In Mülheim war im vergangenen Jahr jede vierte Bestattung eine anonyme. Da sucht die Trauer nach Orten.

Sterben zu müssen, das ist für jeden Menschen Gewissheit. Doch was nach dem Tod geschieht, ist ungewiss. Zumindest das Meiste. Sicher scheint: Es wird Menschen geben, die um einen trauern und mir einen würdigen Abschied bereiten werden. Eine Sicherheit, die nicht alle Menschen haben.

Durchschnittlich etwa 60 Mülheimer sterben jedes Jahr, ohne das es jemanden gibt, der sich um diesen würdigen Abschied kümmert. In diesen Fällen wird die Bestattung durch das Ordnungsamt durchgeführt. „Die Kosten übernimmt dann die Stadt”, erklärt Stadtsprecher Volker Wiebels. 2100 Euro koste die Kommune jede solche Beisetzung. Beerdigt werden diese Bürger auf dem Altstadtfriedhof, ohne Name, ohne Stein und in der Vergangenheit auch ohne Gedenkfeier. Ein Zustand, den sowohl Kirchen als auch die Stadt nicht länger hinnehmen wollten. Schließlich seien ja auch diese Menschen ein Teil unserer Stadt gewesen.

Um diesen Menschen zu gedenken, sollte daher ein ökumenischer Gottesdienst abgehalten werden. Am 9. September fand zum ersten Mal ein solcher statt. Die Hoffnung, der Gottesdienst würde Nachbarn oder ehemalige Arbeitskollegen erreichen, habe sich durchaus als berechtigt erwiesen, erzählt Anika Lante vom Evangelischen Kirchenkreis. „Es waren definitiv auch Gesichter in der Kirche, die dort sonst nicht zu sehen sind.” Auch die Stadt sei glücklich, dieses Projekt in die Tat umgesetzt zu haben, erklärt Stadtsprecher Volker Wiebels. Die Stadt sei dementsprechend auch zukünftig an der Fortführung dieser Gedenkfeiern interessiert. Stattfinden sollen die Gottesdienste alle vier Monate, jeweils abwechselnd in der Petrikirche und in St. Mariä Geburt auf dem Kirchenhügel.

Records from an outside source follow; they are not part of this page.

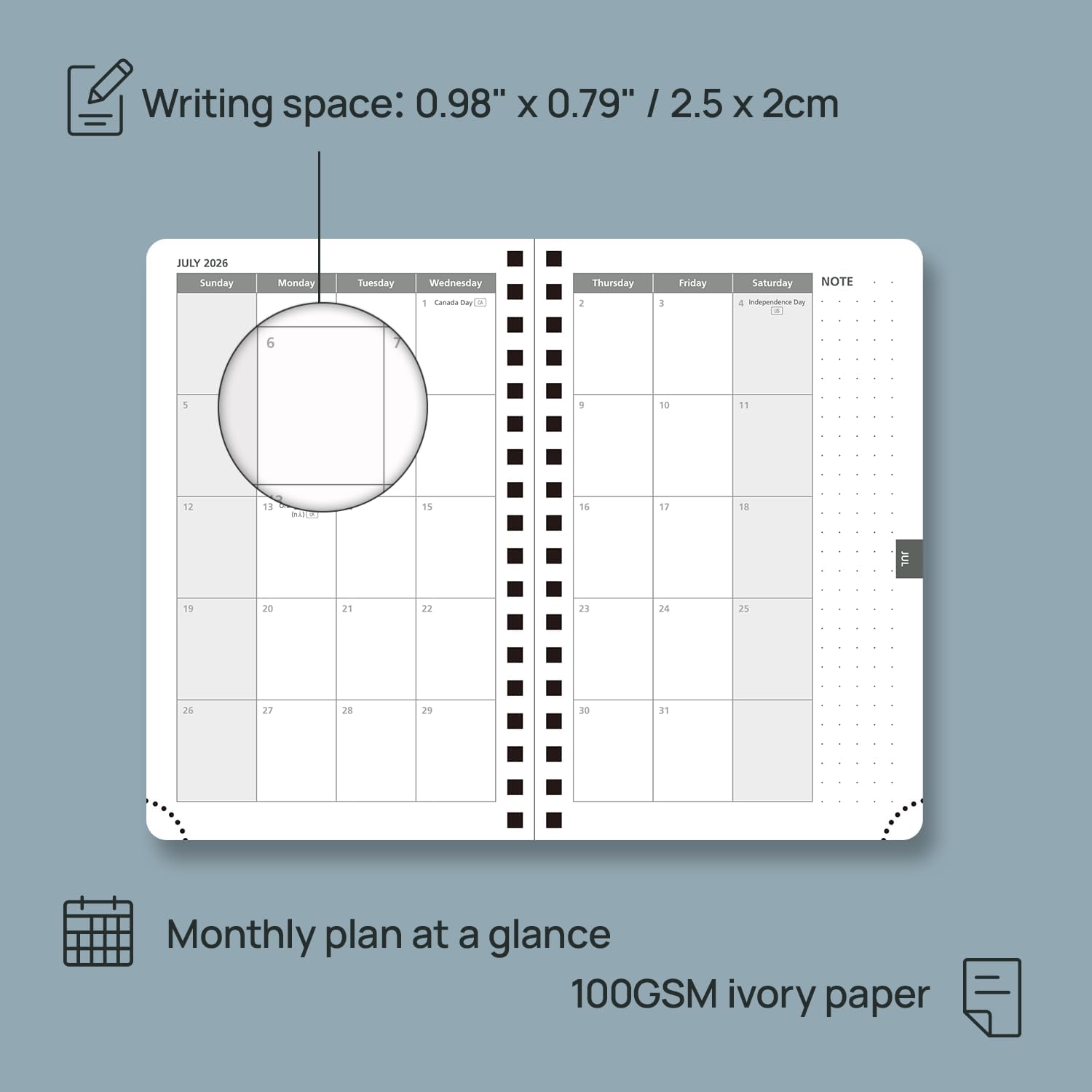 - EXTRA PAGES - This 2026 daily planner also contains Yearly Overview" Page + Holiday & Calendar" Page + Contact Pages + Password Page + Dotted Notes Pages for jotting down your ideas, thoughts or any other happy things in detail.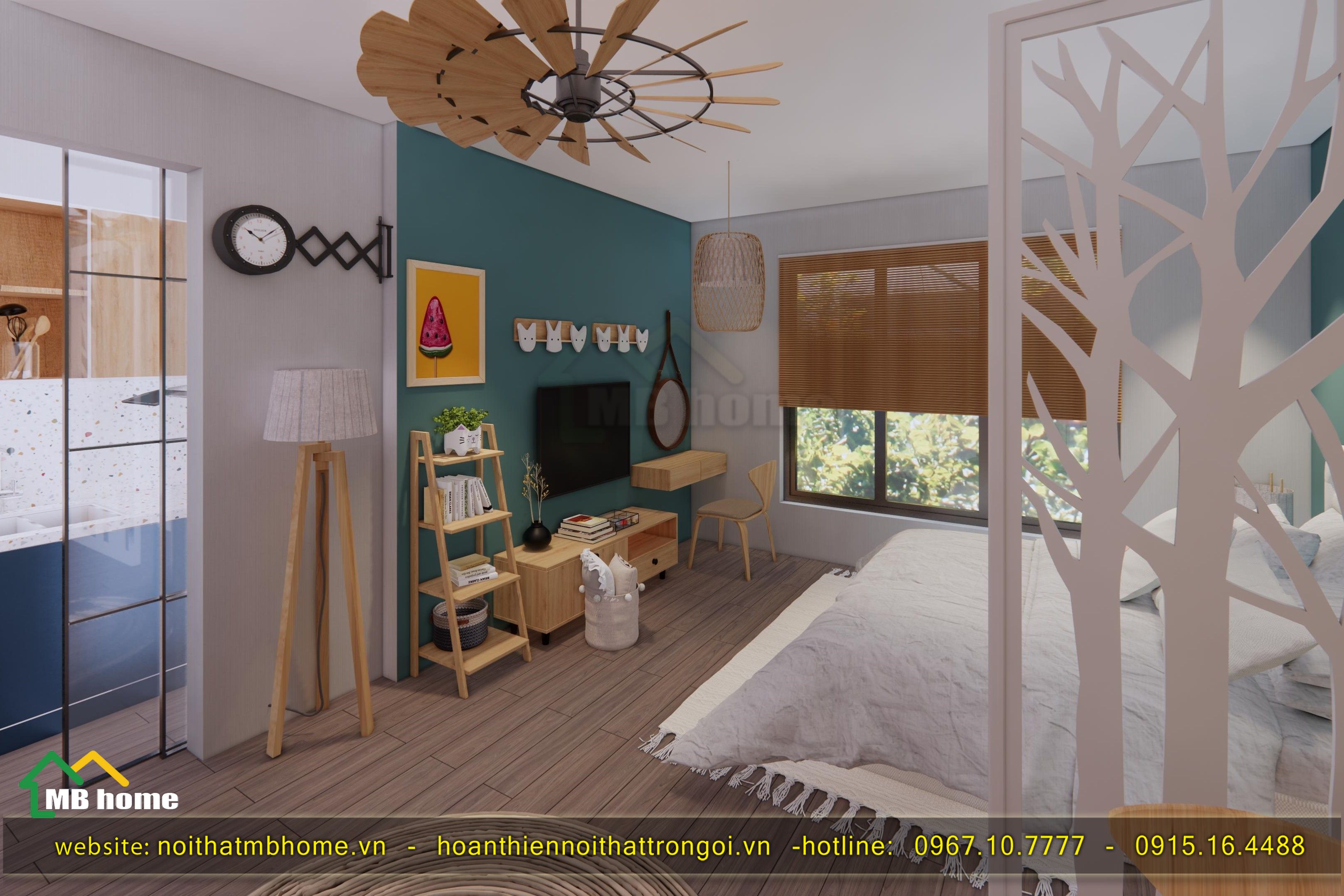 Hiểu được rằng khách hàng mong muốn cho không gian thoải mái và dễ chịu, đội thi công nội thất chung cư mini của MB Home quyết định đặt phòng ngủ cách xa phòng vệ sinh để tránh mùi và phù hợp với phong thủy,...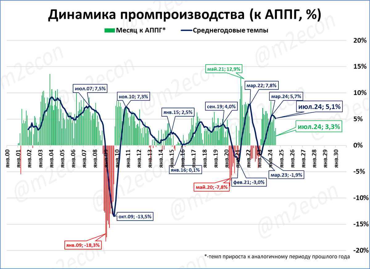 Промпроизводство (это около 30% ВВП) в июле выросло на 3,3%. Промпроизводство за последние 12 месяцев (скользящий год) установило новый рекорд.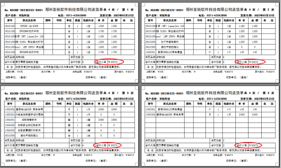 設(shè)置之后,保存模板,點擊預(yù)覽可以查看打印效果,每頁都會顯示金額小計,如圖所示: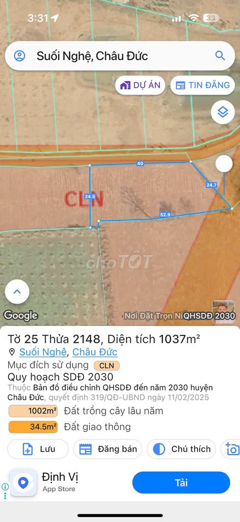 | Xã Suối Nghệ, Huyện Châu Đức | Đất nông nghiệp, mặt tiền đường nhựa | 2970 | 1,62 | 4,8 | Cách trung tâm xã 2 km, gần cao tốc, đã có sổ |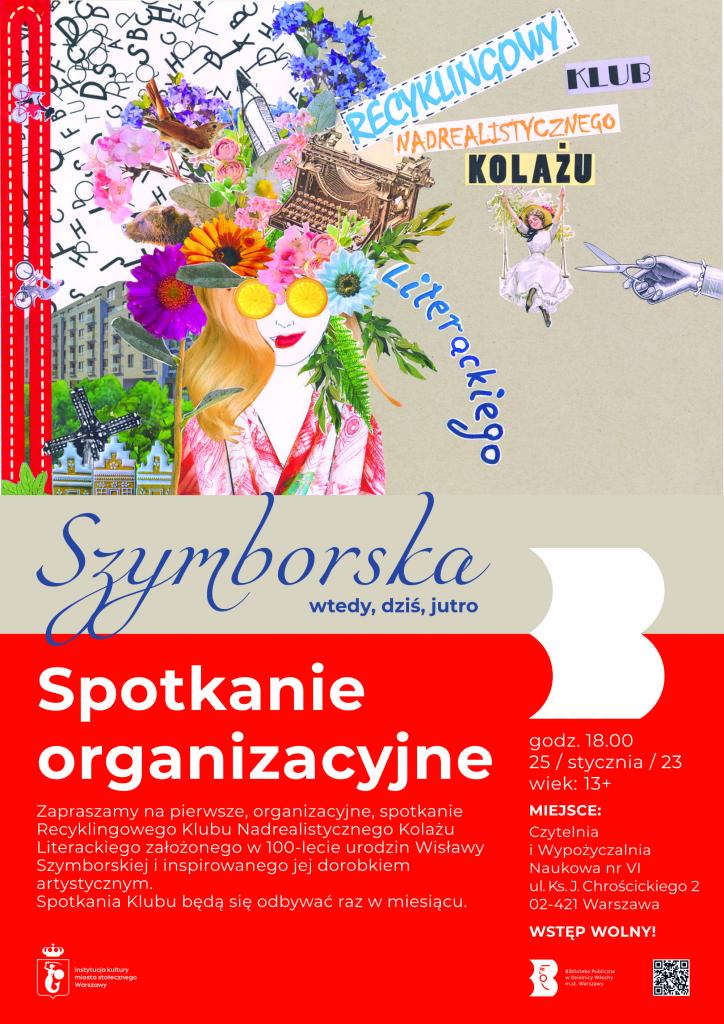 W środę 25 stycznia 2023 o godz. 18.00 zapraszamy młodzież powyżej 13 r.ż. oraz dorosłych do Czytelni i Wypożyczalni Naukowej nr VI na pierwsze, organizacyjne, spotkanie Recyklingowego Klubu Nadrealistycznego Kolażu Literackiego. Klub ten powstaje w 100-lecie urodzin Wisławy Szymborskiej a inspiracją do jego powołania jest dorobek artystyczny noblistki. Celem środowego spotkania będzie poznanie się i ustalenie zasad funkcjonowania.
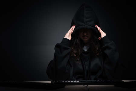 young hacker in the dark breaks the access to steal information and infect computers and systems. concept of hacking and cyber terrorism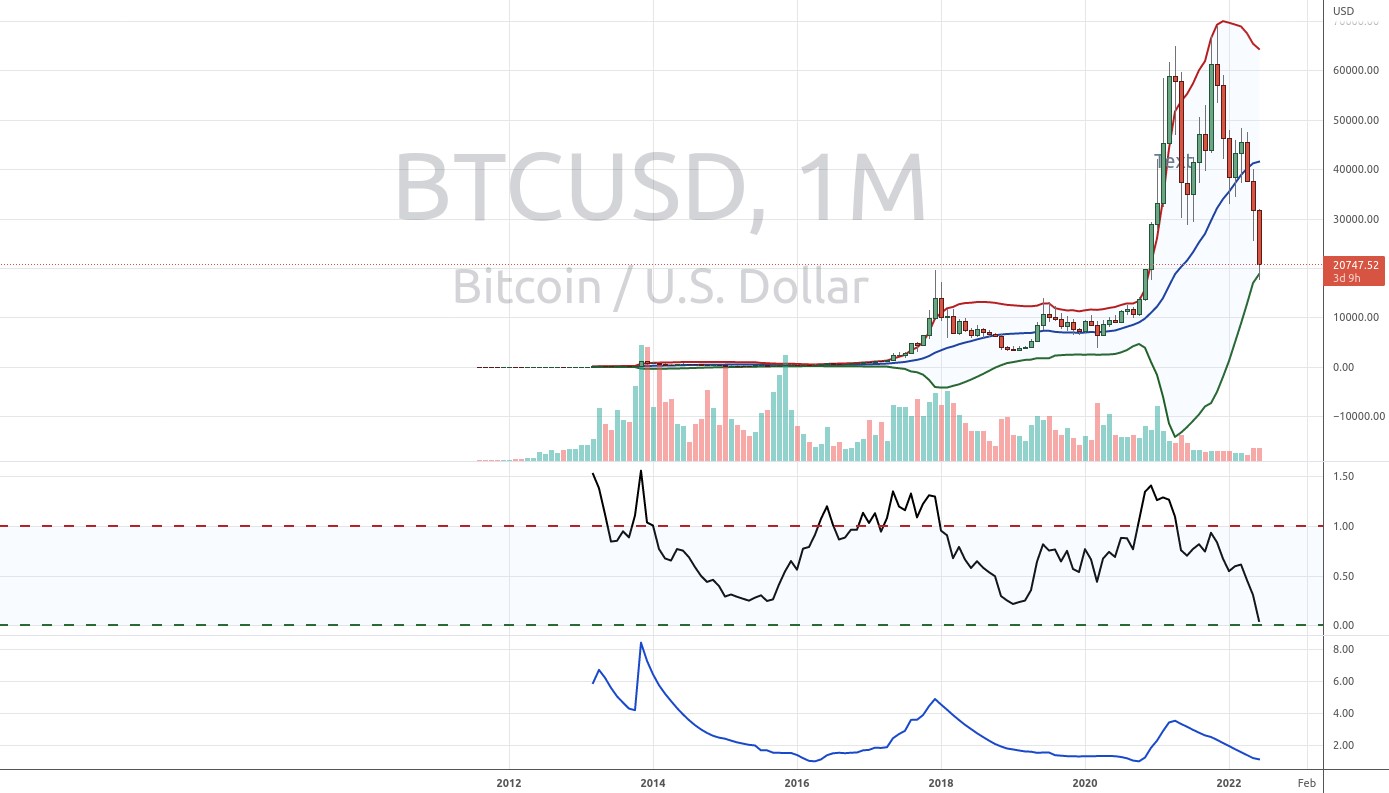 “月线图上描绘 BTCUSD 的完美双 (M 型) 顶部通过布林带和 %b 的确认。目前还没有迹象,但在这里筑底是一个合乎逻辑的选择。”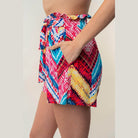 Revamp your summer wardrobe with these high-waisted print knit shorts, complete with an adjustable waist-tie for a personalized and comfortable fit. Designed with side pockets for added functionality and a true-to-size silhouette, these shorts offer both style and practicality. Crafted from lightweight slinky knit fabric, they provide a breezy and effortless feel perfect for everyday wear. Whether you're running errands or enjoying a casual day out, these versatile shorts are a must-have for the season. Elevate your look with these stylish and comfortable high-waisted print knit shorts for a fashionable and on-trend ensemble.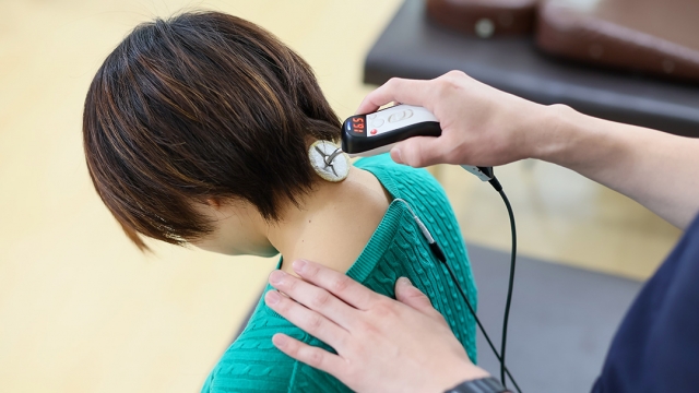 患部に高電圧の電気刺激を与えることで、痛みや炎症を効果的に軽減します。治療は通常、数分から10分程度で完了します。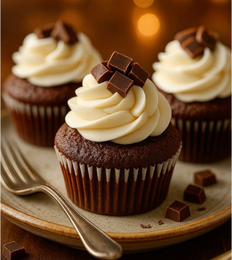 Featuring a rich chocolate sponge topped with silky vanilla buttercream and garnished with petite chocolate cubes, these cupcakes are a timeless treat. Their elegant presentation and perfect flavor balance make them ideal for any occasion, with five tempting flavors available: chocolate, Oreo, strawberry, red velvet, and coconut.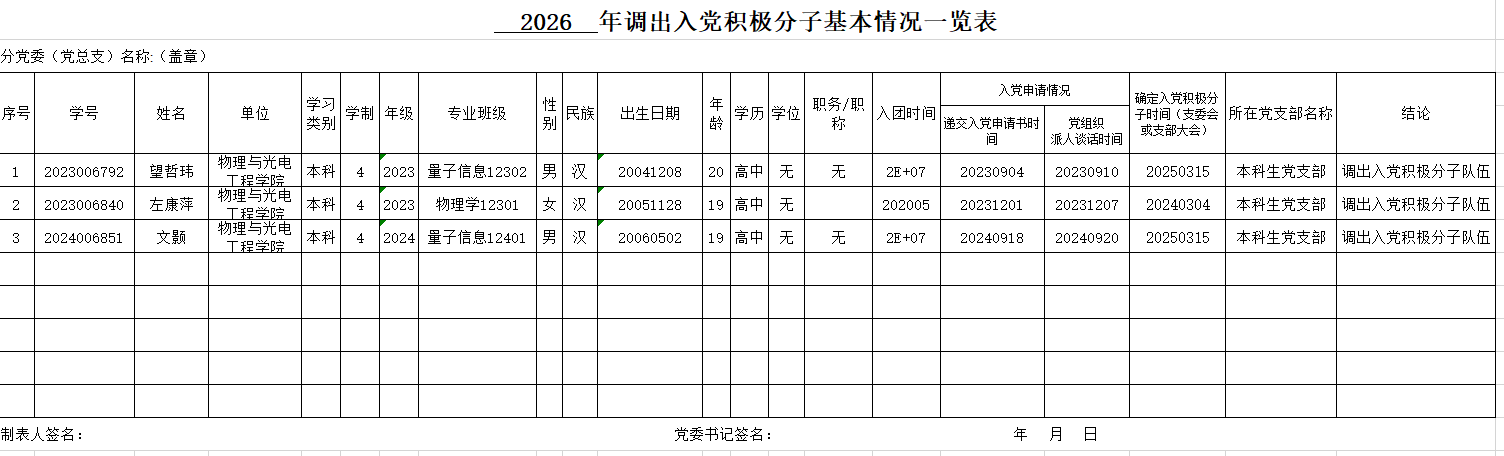 为加强入党积极分子的培养、管理和教育,保证党员发展质量,根据《物电学院入党积极分子动态管理办法》规定,经所在党支部严格审查,支部委员会会议讨论决定,并报物电学院党委备案,拟将 望哲玮 等 3 名同学调出入党积极分子队伍,按入党申请人身份对待,现予以公示。公示时间:2026年 3月 16日至 2026年 3月 22日。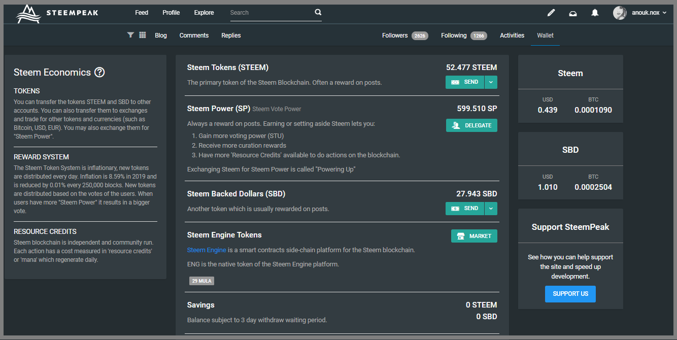 There you have your Steem and Steem Dollars amount, and the option to transfer them to another account. If you look at the Steem Power section, you can see that there's a delegation button. If you click on that, you can easily fill in the account you would like to delegate a part of your Steem Power to, it's easy and speaks for itself. You will also see the Steem Engine tokens market, if you click on that, another page will open from where you can buy and sell Steem Engine tokens.

Aber nicht nur Bürger ohne Angehörige oder Freunde werden ohne Name beigesetzt. Oft fällt die Entscheidung für eine anonyme Bestattung schon vor dem Tod. 315 anonym Bestattete hat es letztes Jahr in Mülheim gegeben. Das sind nahezu 20 % aller Beisetzungen.

Doch für viele Angehörige werde die fehlende Grabstelle mit der Zeit zum Problem, erklärt Wolfgang Rosenberger, Gärtnermeister und Teamleiter beim Amt für Grünflächenmanagement und Friedhofswesen. „Wenn jemand zu mir kommt, um über eine anonyme Bestattung zu reden, frage ich zunächst, ob er diesen Wunsch mit den engsten Angehörigen besprochen hat.” Man müsse bedenken, dass eine solche Entscheidung häufig unumkehrbar sei und für manche Angehörige eine langfristige Belastung darstelle.

Grundsätzlich käme eine nachträgliche Umbettung nur im Fall einer Urnenbestattung in Frage, sagt Brunhilde Stiefken, Leiterin des Bereichs Friedhofswesen in der Stadtverwaltung. „Dass einige Menschen Probleme mit den anonymen Grabflächen haben, sieht man schon an den vielen Gestecken, die dort liegen, aber eigentlich nichts zu suchen haben.”